In Japan, the four-decade hunt for a notorious serial killer continues
- Police are appealing for information about the 1996 disappearance of a four-year-old girl that could shed light on four other murders
- The case has already seen one wrongful conviction, and the authorities believe the true criminal is still at large

In the photo on her “missing” poster, Yukari Yokoyama looks directly into the camera, a slight smile playing about her lips. The picture, more than two decades old, is one of the last that her parents took of their four-year-old daughter before she vanished in Ota, about 100km north of Tokyo, in July 1996.

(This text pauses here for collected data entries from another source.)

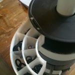 Damit ist es nun möglich die leeren Filamentspulen als Sammelbehälter für Kleinteile weiter zu verwenden. Darüber hinaus können die so umfunktionierten Spulen dann übereinander gestapelt werden und als platzsparendes Kleinteile-Reservoir dienen. Habe dazu ein altes IKEA-Tischbein aus Metall umfunktioniert, da die Spulen mit dem Innendurchmesser genau darüber geschoben und so gestapelt werden konnten. Nachstehende Fotos zeigen meine Lösung:
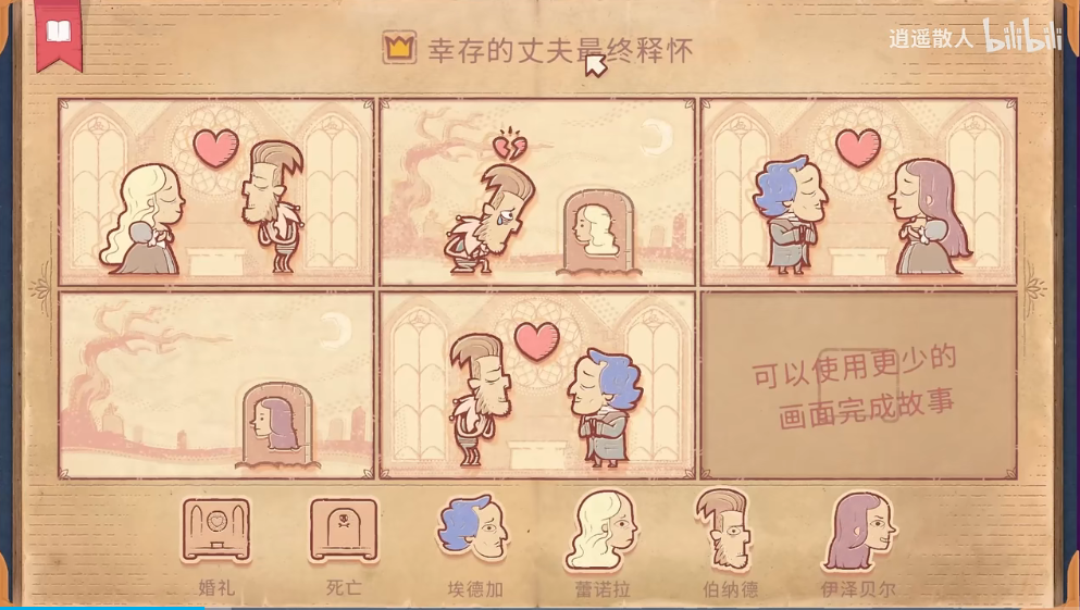 以上内容来自《Storyteller》,玩法非常简单,就是玩家通过组合不同的场景和人物在限定的分镜中对给定的主题进行演绎,鼓励玩家脑洞大开,切题即为通关。
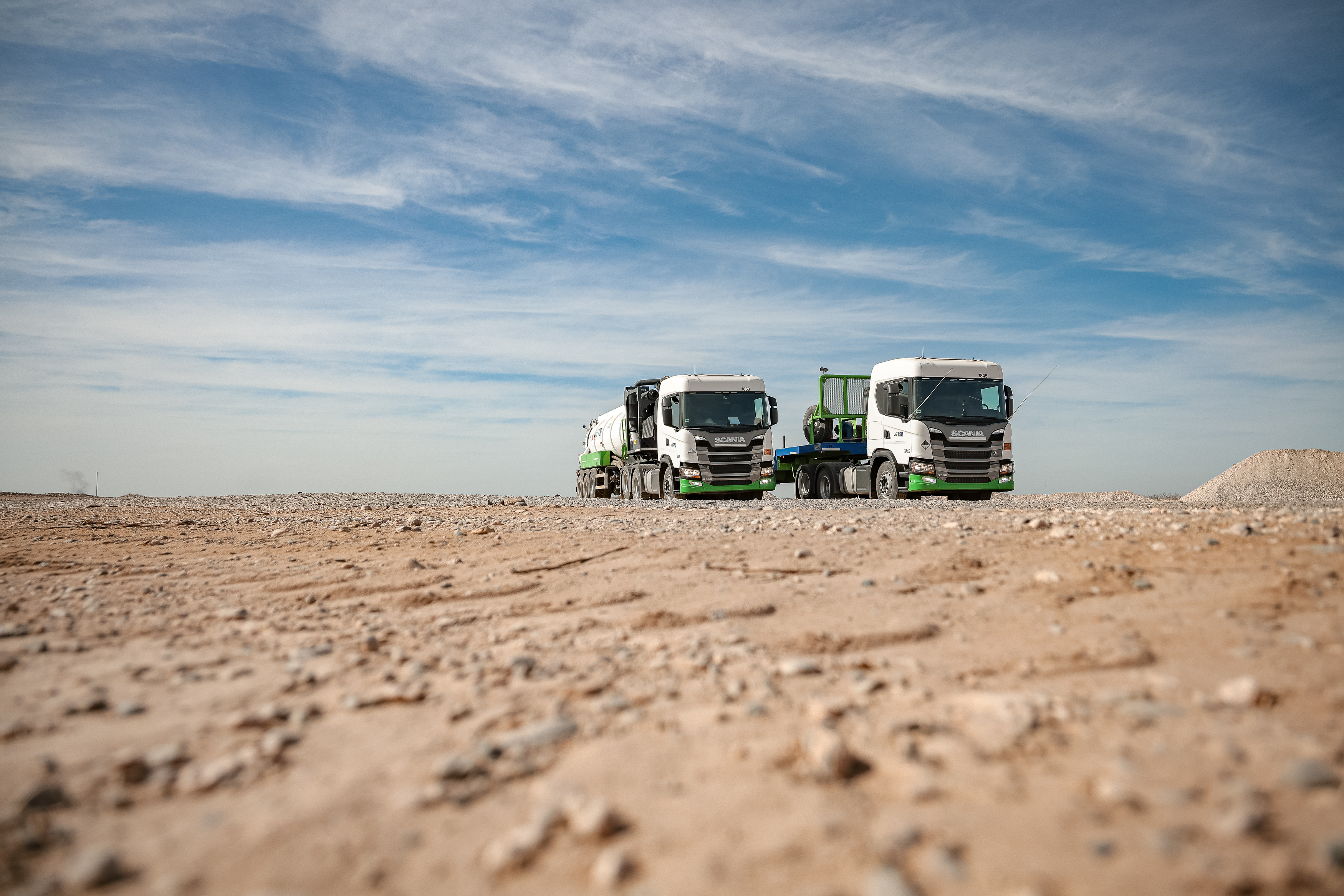 La especificación de los camiones se realizó de manera conjunta entre el equipo técnico de TSB, el concesionario patagónico Feadar y especialistas de Scania Argentina, teniendo en cuenta las particularidades de la operación en yacimientos petroleros, donde predominan caminos de ripio, pendientes pronunciadas y condiciones climáticas extremas.
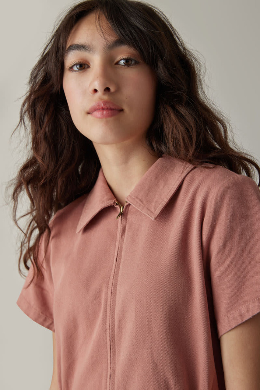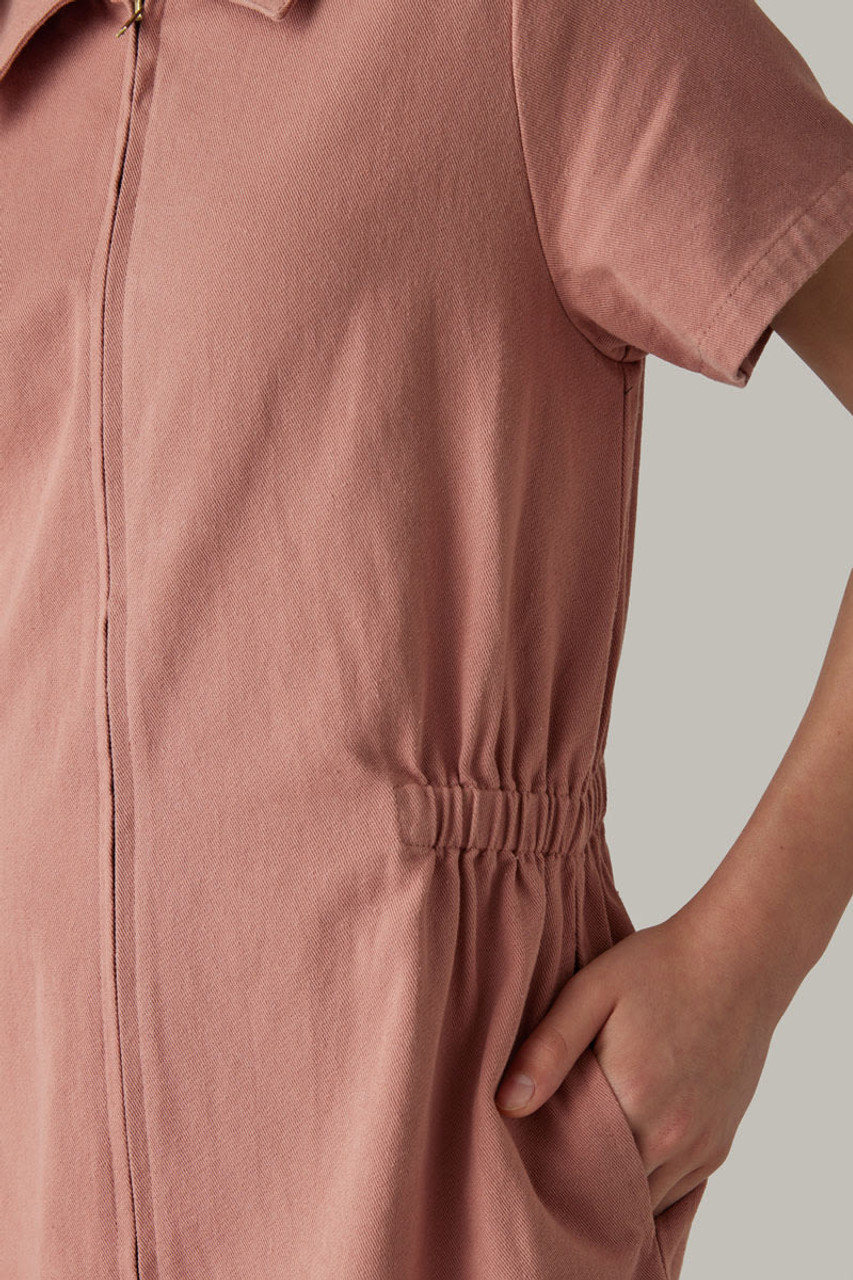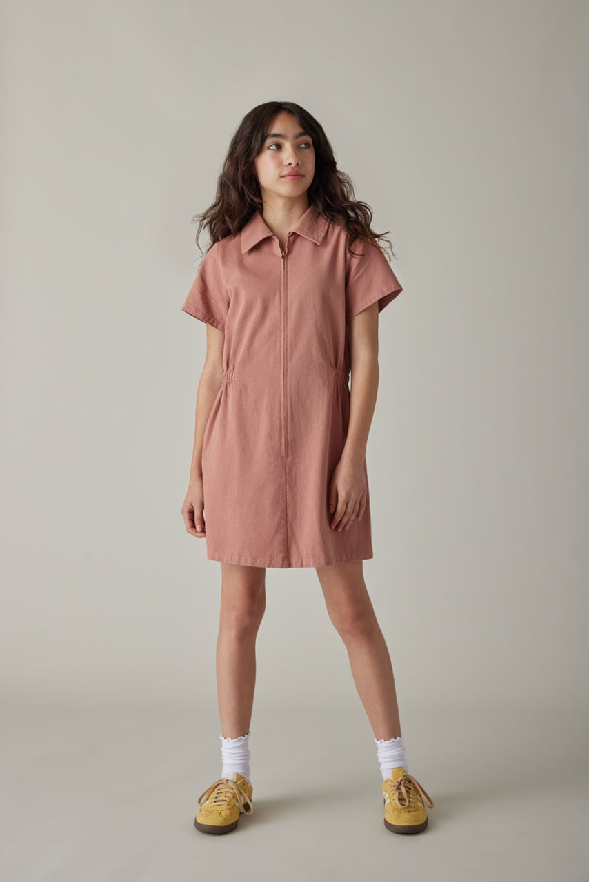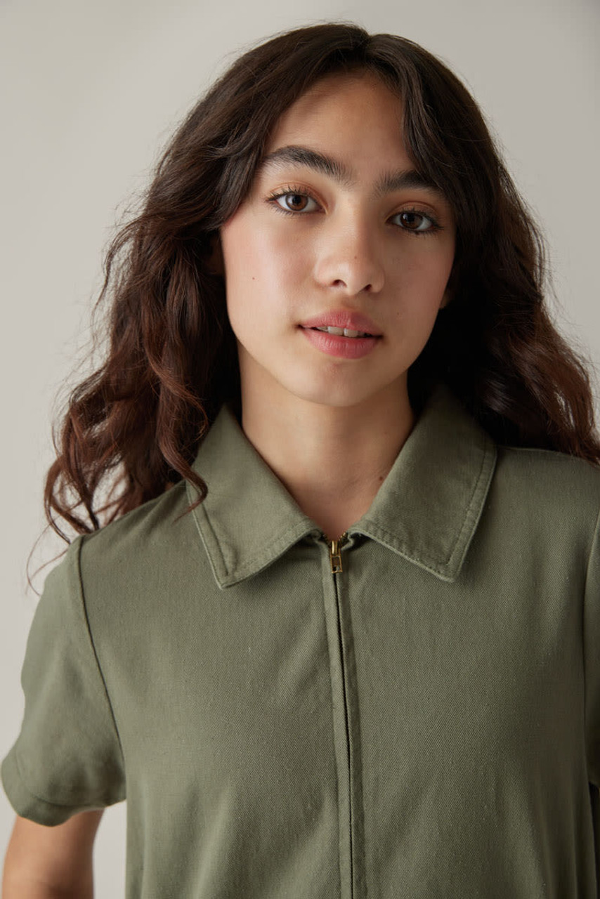 – Short sleeve, utility style dress that features a zip up front detail and cinched waist.
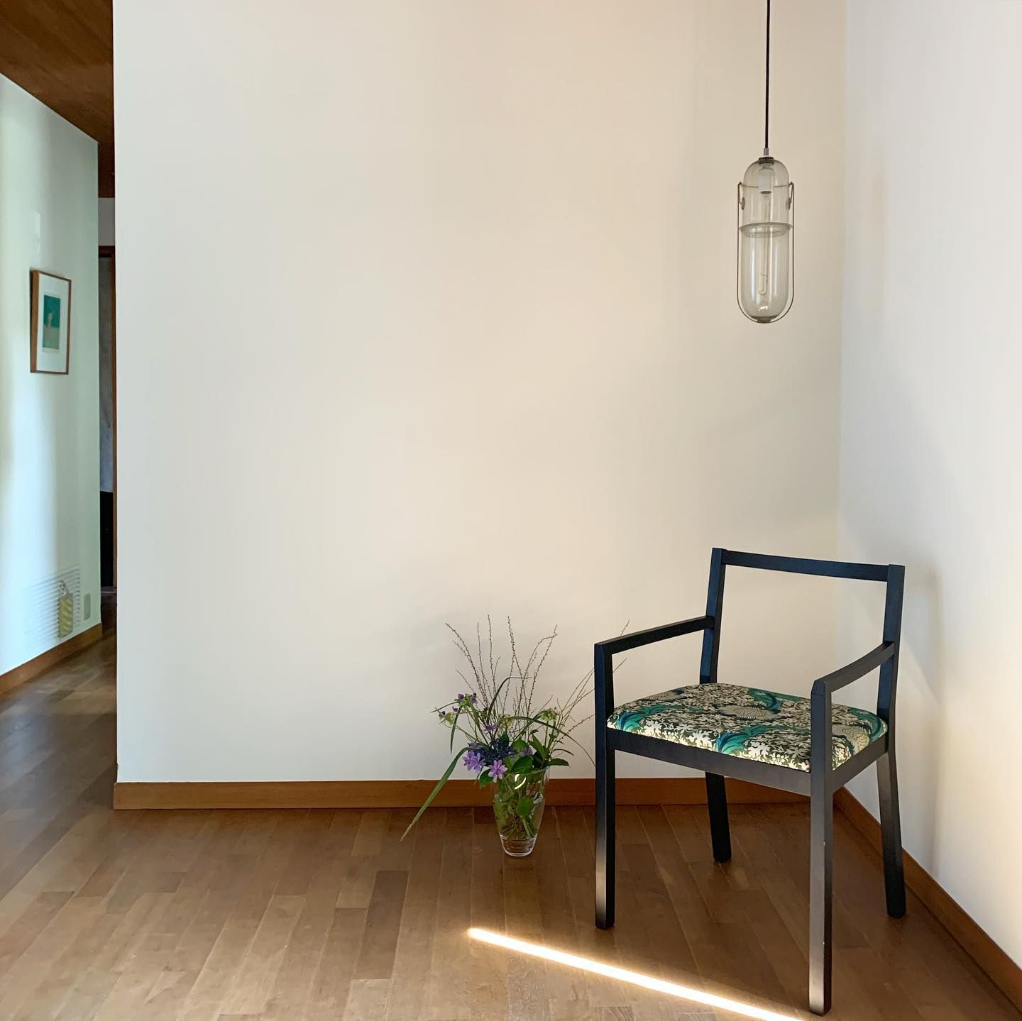 黒の美しいフレームのチェアに良く似合って、こんなふうに玄関のステキなアクセントになりました。

Now, police in Gunma prefecture are making what is surely a final appeal for anyone to come forward who may have seen Yukari after she wandered off from her father in a pachinko parlour. The information they have may seem insignificant, the authorities say, but it could hold the key to the little girl’s disappearance.
It could also help shed more light on the deaths of four girls over the previous 17 years, as it is believed that Yukari may have been the final victim of a serial killer who prowled a small area to the north of the capital. The bodies of the other girls were later discovered; only Yukari has yet to be found.
To emphasise that they are still treating this as a missing-person case and that they have not given up hope that she might still be alive, the police have added an artist’s impression of what she might look like today, at the age of 28.